Why did I open that envelope? What compelled me to look inside it while the Magic 8 Ball’s murky eyeball stared up at me?
Words jumped out as I scanned the first page: “. . . official results . . . Stanford-Benet . . . intelligence quotient . . .”
My God, these were the results of the IQ tests Alex and I had taken in the fourth grade. I glanced down at Alex’s score; then I flipped the page, to my score. I read it once, blinked hard, read it again. The room swirled around me, spinning faster and faster as I stared down at the papers in my hand. How could this be? There had to be a glitch somewhere, some flaw in the system. It must be a computer error.

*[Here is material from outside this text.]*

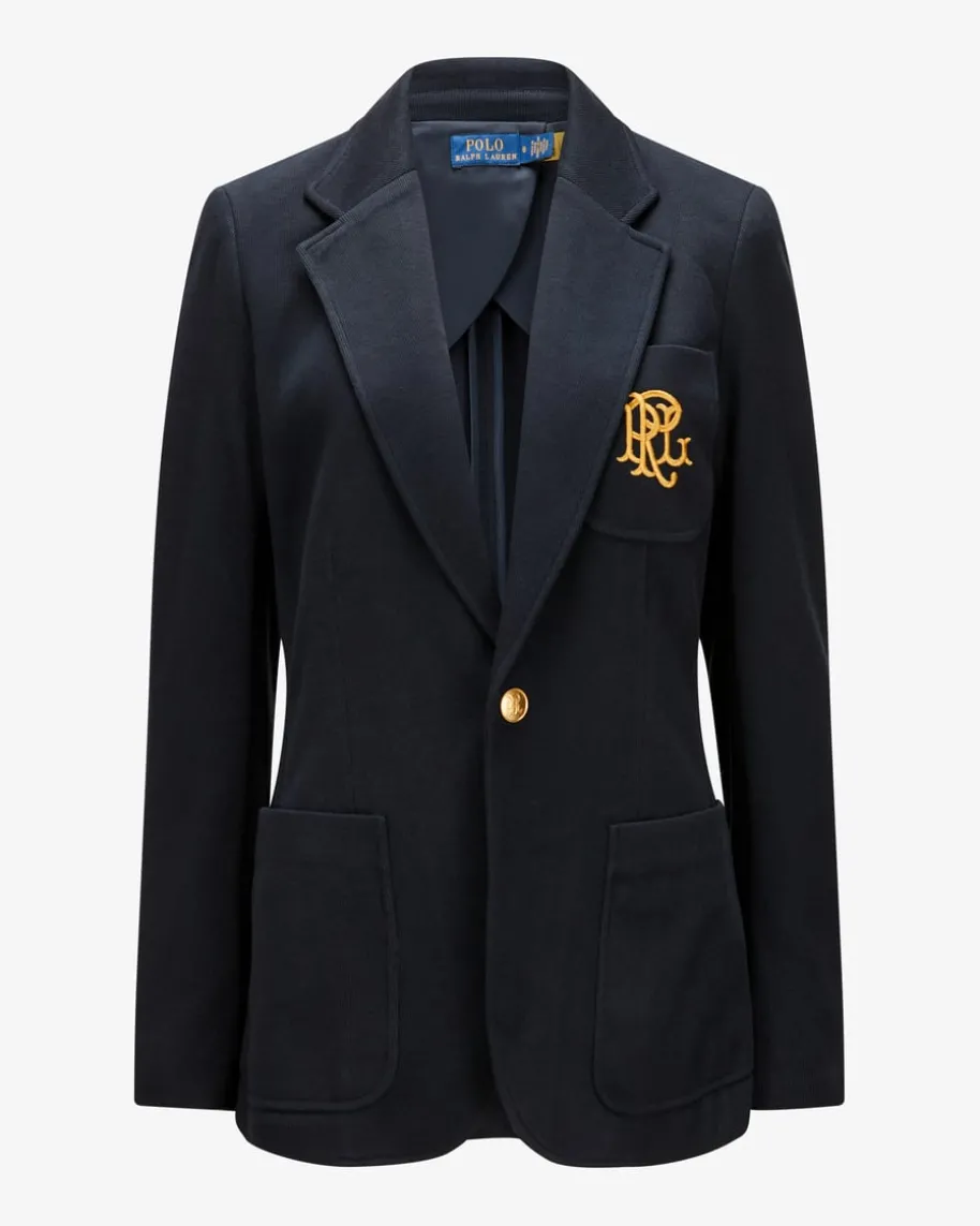Strickblazer für Damen von Polo Ralph Lauren in Navy. Das Modell aus angenehmemBaumwoll-Mix präsentiert sich dank goldfarbener Logo-Stickerei sowie denWappenknöpfen in stilvoller Aufmachung, welche durch die Strick-Verarbeitungeine legere Note erhält.

I double-checked the names at the tops of the pages again. But nothing had changed. Alex and I had different Social Security numbers, and different fourth-grade teachers. All of that information was correct, so the scores had to be, too.
How could this be?
I was smart. Garden-v
ariety, run-of-the-mill bright. Your average clever kid, the kind that can be found in every classroom all across the country.
But Alex was a genius.
Part Four
Trading Places
Twenty-six
AT OUR OLD ELEMENTARY school, there were two boys with faces full of freckles and round blue eyes and curls that looked spring-loaded. Their names were Johnny and Tommy, and they were identical twins, the only pair in the school. They were cute enough to star in a commercial for breakfast cereal, or to be the world’s most cherubic-looking altar boys.
But looks were more than just deceiving in this case; looks were shifty-eyed snake-oil salesmen who took your money and skedaddled to the next town in the dead of night before you woke up and realized you’d been suckered.
Because angel-faced Tommy and Johnny were total hellions.
Tommy—or it could’ve been Johnny—once leaned over his desk, a pair of scissors in hand, and snipped off the long, shiny braid of the girl sitting ahead of him. Johnny—or maybe Tommy—snuck a garden snake into school under his shirt and threw it in the teachers’ lounge before closing the door and holding it shut with all of his ten-year-old might. They tied sheets together and rappelled down the side of their house (one broken leg—Johnny); they bribed the neighborhood girls to show them their private parts (two victories; two apoplectic fathers); and they stole a lifeguard’s bullhorn and snuck up behind unsuspecting adults, bellowing, “Fire!” (one near heart attack—old Mrs. Mullens). They were constantly being hauled into the principal’s office, where their harried mother would come, a baby on one hip and a runny-nosed toddler trailing behind her, throwing around apologies like confetti as she dragged one or both of the twins home.
But no one was ever sure if the right kid was being punished. Because Tommy and Johnny also loved to switch identities.
“Tommy!” our teacher would bellow after he’d belched the alphabet in the lunchroom.